I see this as a year of marginal improvement at quarterback and in the secondary. I hear good things about Josh Robinson, and the Vikings' cornerbacks should be markedly improved, which should make a big difference.
It's hard for me to imagine this team surviving the second half of the schedule, though, even if everything goes right.
The Gophers are asking people to pay money to see a game against New Hampshire?

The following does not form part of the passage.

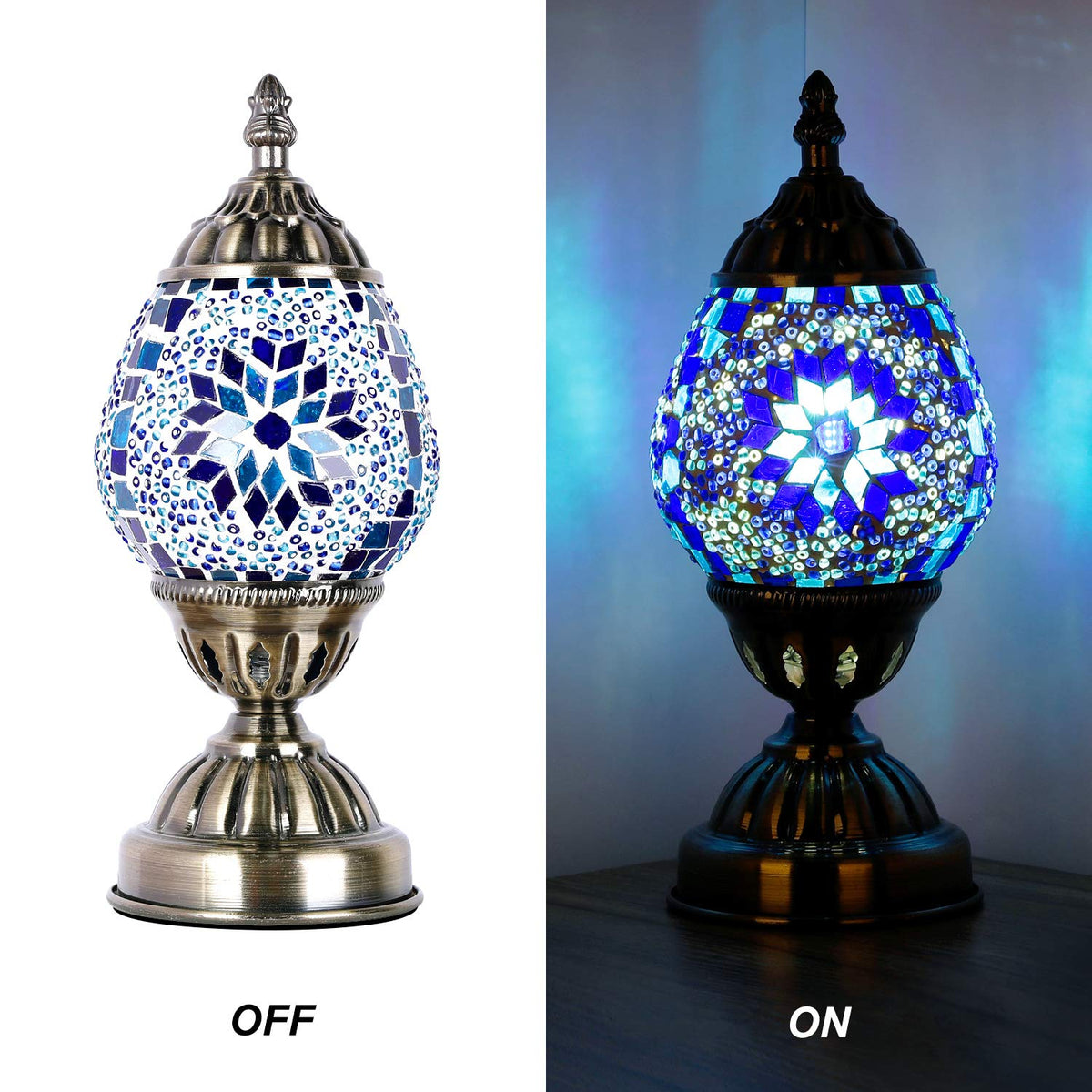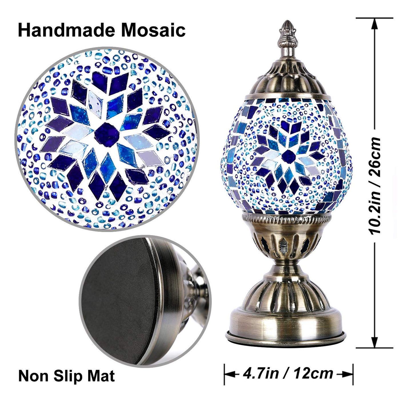 Anton Turkish Table Lamp Handmade Mosaic Glass Egg Shaped Moroccan Lantern Decorative Desk Night Light For Bedroom Living Room With E12 Led Bulb (Blue)

I'm actually not offended, as some of my colleagues are, about the price of beer at TCF Bank Stadium. Yes, $7.25 is a lot to pay for a beer, but it's really exorbitant only if you want to get drunk. If you just want to drink one beer while watching the game, $7.25 won't hurt you. And I've seen way too many drunk football fans to want to see that price lowered. If you want to get sloppy drunk at a football game, you should pay in more ways than one.
My favorite games of the weekend:
Peyton Manning with his new team facing an old nemesis, Dick LeBeau's Steelers defense. I think Peyton wins this one.
Packers vs. 49ers at Lambeau in the Game That Should Have Been. Packers don't drop 18 passes this time and win a close one.
Raiders-Chargers. Just because I never know what to expect from either team or franchise, and the Black Hole should be very loud on a Monday night.
Cam Newton and the Panthers vs. Tampa Bay and Greg Schiano. Newton gets to show off after his first full NFL offseason.
Tom Pelissero and I will run Sunday Sports Talk from the 1500ESPN studio before the Vikings' game. Longtime NFL writer Gary Myers, of the New York Daily News, will join us, as will Tom Linnemann for NFL picks.